I would suggest at first glance by looking into OpenCV. You can use that with a number of different programming languages such as python.

----------


## waldronate

What you need is called a morphological skeletonize operation or medial axis transform. It's a common operation in image processing. There are many libraries that can perform this task, but some sort of context in which you perform the operation would be useful.

----------


## eepjr24

> What you need is called a morphological skeletonize operation or medial axis transform. It's a common operation in image processing. There are many libraries that can perform this task, but some sort of context in which you perform the operation would be useful.


Trying to automate some tasks for map making. So say I have a set of roads laid out on a layer. Having a path that followed the center of the road would allow me to perform multiple strokes on the road to lay down color, texture, pot holes or whatever else I would like. So in the end I would like to be able to call this from scripts, but from what I have seen so far most anything you can do from the UI you can do from the pdb. I have been pointed to AutoTrace and a plug in to use it, I am probably going to try that next unless someone has nifty other ideas. =)

Thanks for the responses.

- E

----------


## waldronate

If you're looking to find the centerline of roads and then apply styles to that, you're most likely better off marking them manually because you are unlikely to need to do a huge number of roads (a couple of hundred, at most). That's especially true if you are trying to do this in the context of an existing tool like Photoshop or the GIMP. If you get a good workflow going, you can probably start from the centerlines next time.
Skeletonizing existing images (or selections) is a very error-prone operation that tends to generate a large number of spurious side branches.
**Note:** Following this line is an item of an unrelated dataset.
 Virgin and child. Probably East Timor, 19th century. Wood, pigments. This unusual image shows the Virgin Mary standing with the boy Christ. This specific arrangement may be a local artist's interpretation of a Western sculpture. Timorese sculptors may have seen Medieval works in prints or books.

Simplifying the skeleton is very likely to be more work that it's worth.
Are you doing your own mapping program?

----------


## eepjr24

> If you're looking to find the centerline of roads and then apply styles to that, you're most likely better off marking them manually because you are unlikely to need to do a huge number of roads (a couple of hundred, at most). That's especially true if you are trying to do this in the context of an existing tool like Photoshop or the GIMP. If you get a good workflow going, you can probably start from the centerlines next time.
> Skeletonizing existing images (or selections) is a very error-prone operation that tends to generate a large number of spurious side branches. Simplifying the skeleton is very likely to be more work that it's worth.
> Are you doing your own mapping program?


Marking them manually is pretty much what I am trying to avoid. I think I would rather just start out with paths for roads than go that route.
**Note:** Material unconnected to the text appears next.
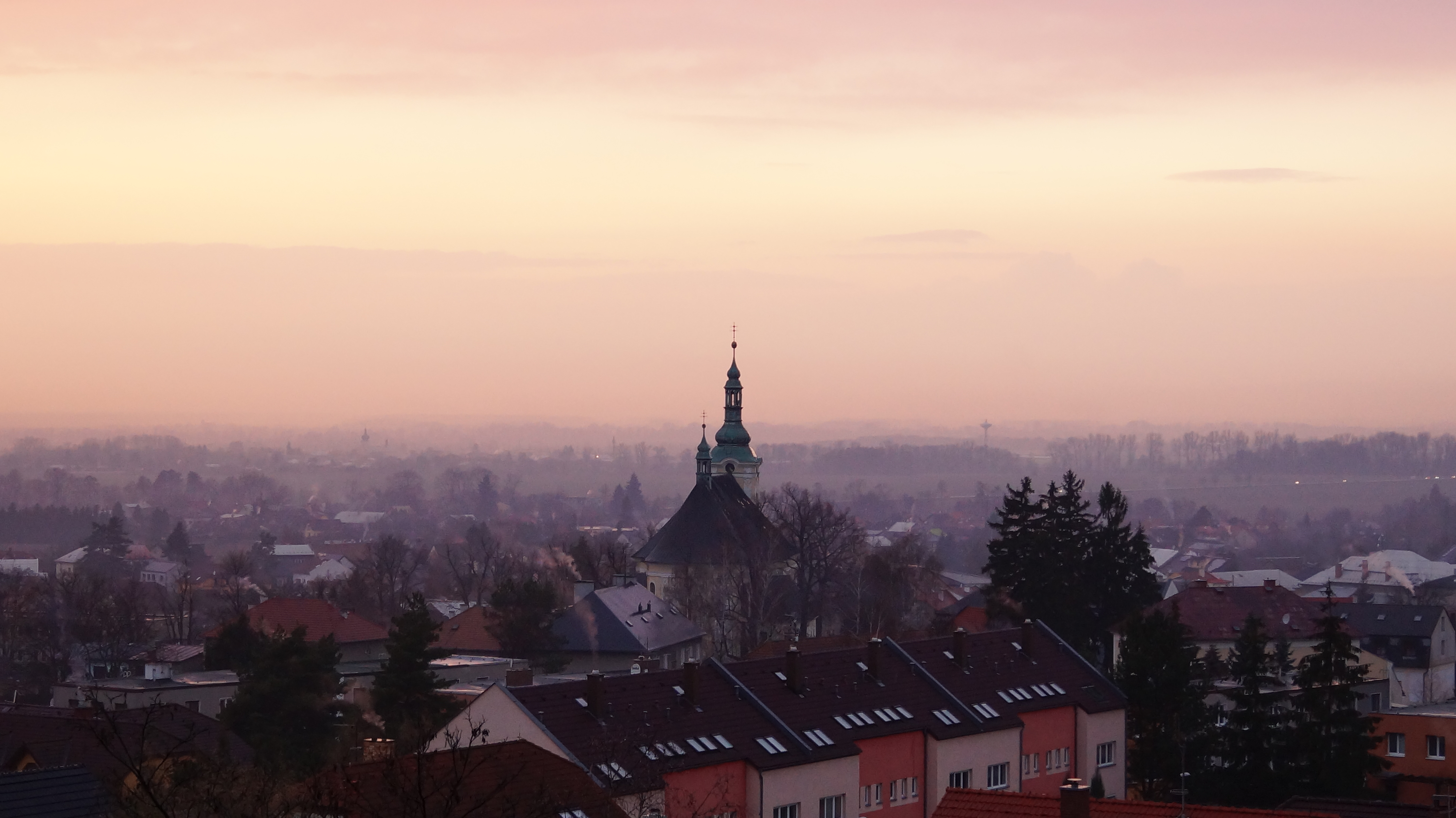 Church of Saint Matthew, Dolany u Olomouce

No, I am just using the GIMP currently. Looking to make creating ad hoc content trivial for minor encounters, stop over points, etc. And ideally also create fast starting points for larger towns and such as well. If skeletonizing is too complex then I'll look at starting with paths, do you have any suggestions or know of tutorials or the like for generating quasi random paths, say in a mosaic or other warpable pattern set?

----------


## waldronate

Not in the context of the GIMP, no. A common and reasonably effective way to generate content is to start with a Voronoi tessellation of random set of points that's given a few rounds of Lloyd's algorithm to regularize things. Adjusting the original distribution can do interesting things. See Amit Patel's Red Blob Games or Oleg Dolya's Watabou thingies for examples.

----------


## Tiana

I have a program on my Mac, SuperVectorizer2, which will let you generate skeletonized vector lines from an artwork that would fit that description. It is a Mac only program though.

----------